Семья должна иметь, прежде всего, традицию, этический стандарт и общего духовного предка. Только при таких условиях возможно это оригинальное соединение. И, прежде всего, семья должна быть патриархальна. Книга Бахофена «Материнское право» относится к очень отдаленному мифическому прошлому, ее отношение к современности сугубо сказочное. Люди меняются с каждым поколением, через десяток поколений их просто не узнать. Достаточно посмотреть фотографии начала двадцатого века и сравнить с современными — разница невероятная. Там чувствуется традиция и чувствуется семья.

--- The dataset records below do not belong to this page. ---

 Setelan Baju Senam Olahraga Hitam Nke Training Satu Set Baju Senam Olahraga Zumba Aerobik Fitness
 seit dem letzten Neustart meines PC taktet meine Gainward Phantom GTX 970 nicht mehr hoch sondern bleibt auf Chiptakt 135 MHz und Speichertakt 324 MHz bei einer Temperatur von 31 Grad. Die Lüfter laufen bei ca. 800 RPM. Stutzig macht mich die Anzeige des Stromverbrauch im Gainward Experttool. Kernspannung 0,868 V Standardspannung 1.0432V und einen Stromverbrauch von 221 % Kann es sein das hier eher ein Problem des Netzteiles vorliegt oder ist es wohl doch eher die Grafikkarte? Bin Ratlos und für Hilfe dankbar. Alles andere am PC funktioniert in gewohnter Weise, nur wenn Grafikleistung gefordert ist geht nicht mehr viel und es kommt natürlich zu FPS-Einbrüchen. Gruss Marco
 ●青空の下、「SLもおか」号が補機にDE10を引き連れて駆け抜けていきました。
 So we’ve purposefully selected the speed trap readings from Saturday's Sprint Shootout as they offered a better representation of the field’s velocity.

На современных изображениях лица ангажированы постоянными заботами, трудами, беспрерывной спешкой, ожиданием неурядиц и неудач. И ясно, что так оно и будет. Радость — самая обыкновенная вещь в мире — опустилась до уровня выигрыша в лотерею или в игорном автомате. Страдание — до истерических воплей и мордобоя.
Когда я вернулся домой — застал новых жильцов. Петрович — знакомый тети Ираиды — решил сделать из комода «дворцовую мебель» и покрывал его скверной позолотой, которая мазала все и вся — даже плешь субъекта в синем галифе, что придавало оному вполне генеральский вид. Он сразу посуровел и ко мне более не приставал. Петрович соорудил в центре комнаты печку (ихнее отопление взорвет и затопит весь дом) приставил лесенку и поселил на печке свою бабку — он принимал ее за кошку и зачастую покрикивал «брысь». Бабка ночью распевала революционные песни и отличалась мужеством чрезвычайным: завыла «знают польские паны, знают псы-атаманы», свалилась в таз с грязным бельем и, как ни в чем не бывало, замяукала «как много девушек хороших». Петрович пришел в полный восторг и пригласил к нам жить двух баянистов. Синхронных баянистов: у одного была выбрита левая щека, у другого — правая; у одного бутылка водки торчала из левого кармана, у другого — из правого.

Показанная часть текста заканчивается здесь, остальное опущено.